2. The method of claim 1 , wherein the processing of the web service requests in the queue comprises:
retrieving a web service request from the front of the queue;
invoking a web service requested by the retrieved web service request, wherein when at least one parameter associated with the retrieved web service request is determined, the web service is invoked by the retrieved web service request with the at least one parameter; and
returning a response from the invoked web service corresponding to the retrieved web service request.
3. The method of claim 1 , further comprising assigning a thread from a thread pool for processing each of the web service requests in the queue.
4. The method of claim 1 , wherein the priority for the web service request is determined based on business logics.
5. The method of claim 2 , wherein the web service request is in accordance with the Simple Object Access Protocol (SOAP) and transported to the web service container over the HyperText Transfer Protocol (HTTP).
6. The method of claim 5 , further comprising decoding the received web service request to determine information represented within the web service request.

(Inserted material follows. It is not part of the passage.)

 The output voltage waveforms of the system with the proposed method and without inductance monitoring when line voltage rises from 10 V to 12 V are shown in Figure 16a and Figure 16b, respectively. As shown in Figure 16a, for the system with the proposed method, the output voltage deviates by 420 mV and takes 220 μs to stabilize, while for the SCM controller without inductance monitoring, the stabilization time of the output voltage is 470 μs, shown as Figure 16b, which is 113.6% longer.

7. The method of claim 6 , wherein the web service requested by the web service request is determined from the information obtained from the decoded web service request.
8. The method of claim 5 , wherein the determining of the at least one parameter of the web service request comprises deserializing the web service request.

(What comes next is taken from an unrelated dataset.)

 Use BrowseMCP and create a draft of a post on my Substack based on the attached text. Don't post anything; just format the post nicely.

9. The method of claim 5 , further comprising serializing the response from the invoked web service into a response message in accordance with the Simple Object Access Protocol (SOAP) which is suitable to be transported to a client requesting the web service.
10. The method of claim 1 , further comprising:
comparing the priority of the web service request with the priority of the web service request at the last position in the queue;
switching the position of the web service request with the last web service request if the priority of the web service request is higher than the priority of the last web service request; and
repeatedly comparing the priority of the web service request with the priority of a subsequent web service request in the queue, and switching the position of the web service request with the subsequent web service request if the priority of the web service request is higher than the priority of the subsequent web service request, until the priority of the subsequent web service request is higher than the priority of the web service request.

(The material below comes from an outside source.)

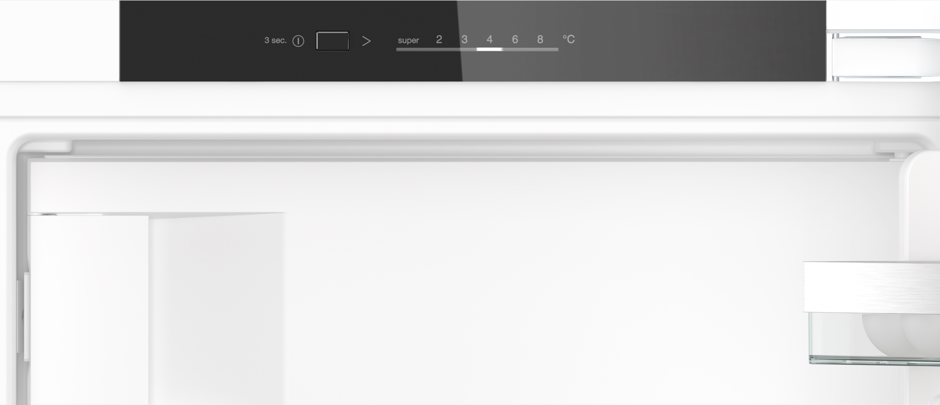Mit superCooling können Sie die Temperatur Ihres Kühlschranks für eine eingestellte Zeit senken, um frische Lebensmittel schnell zu kühlen. Damit wird ein unerwünschter Temperaturanstieg der bereits gekühlten Lebensmittel verhindert.

11. A web service container comprising:
an interceptor for receiving a web service request;
an identifier for identifying a web service requested by the web service request;
a determining unit for determining at least one parameter of the web service request, if any;
a priority calculation unit for determining a priority for the web service request; and
a priority queue for adding the web service request to a queue,
wherein the queue includes one or more web service requests, and the positions of the web service requests in the queue are arranged based on their respective priority, and
wherein the web service requests in the queue are processed sequentially, thereby achieving prioritization of web service requests.
12. The web service container of claim 11 , further comprising a processing unit for processing the web service requests in the queue by:
retrieving a web service request from the front of the queue;
invoking a web service requested by the retrieved web service request, wherein when at least one parameter associated with the retrieved web service request is determined, the web service is invoked by the retrieved web service request with the at least one parameter; and
returning a response from the invoked web service corresponding to the retrieved web service request.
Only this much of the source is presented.